2. This question relates to the same
study you saw in Homework-4, by Dr. Arno Motulsky and coworkers, and
published in Thompson et al. (1988; Am.J.Hum.Genet, 42, 113-124).
There were three population samples (all from around Seattle),
(Caucasian, African American, and
Japanese American), and three tightly linked diallelic loci,
designated M, P and S.
In the Japanese subsample, the 68 individuals (136 chromsomes)
were scored from all three loci. As in the Homework-4 question, there were few
double-heterozygotes for any pair of the loci. So you can treat
the estimated sample haplotype frequencies as though they were observed.

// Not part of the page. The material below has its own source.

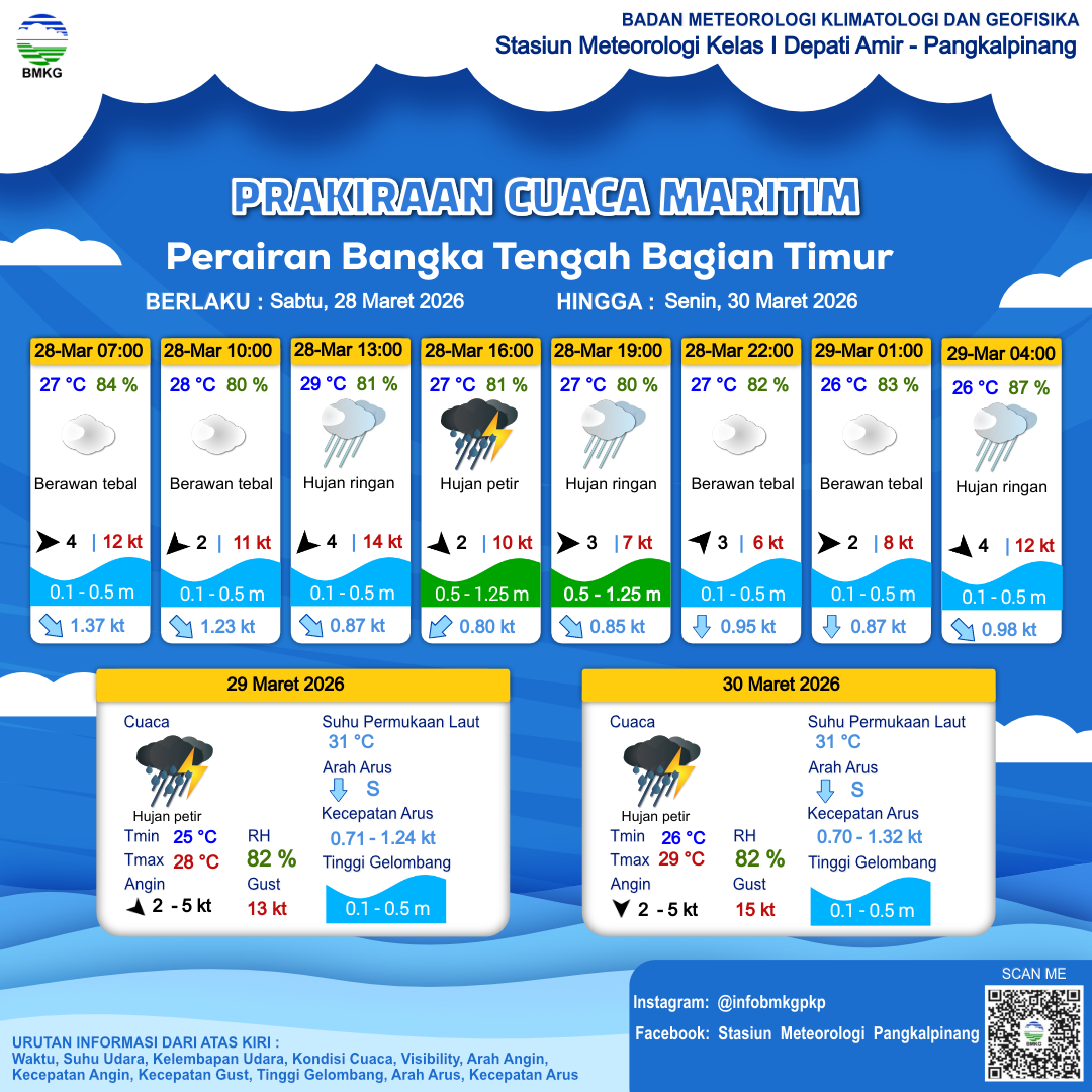 28 Mar 26, 17.00 9 jam kedepan | Barat 2 kt Gust Peningkatan kecepatan angin yang singkat dan tiba-tiba : 7 kt | 0.4 m Tenang | Selatan 0.9 Knots | 27 °C | 83 % | |

(a) For loci S and M, the estimated haplotype frequencies are
0.551, 0.082, 0.008, 0.360.
Is there evidence for disequilibrium between loci S and M?
(b) For loci P and M, the estimated haplotype frequencies are
0.514, 0.398, 0.045, 0.043.
Is there evidence for disequilibrium between loci P and M?
(c)
For loci S and P, the estimated haplotype frequencies are
0.592, 0.041, 0.320 0.047.
Is there evidence for disequilibrium between loci S and P?
(You can use a 2-by-2 contingency table chi-squared to test for significantly
non-zero associations.)
(The interesting fact is that all three loci are known to be very tightly
linked, and locus P is between the other two.)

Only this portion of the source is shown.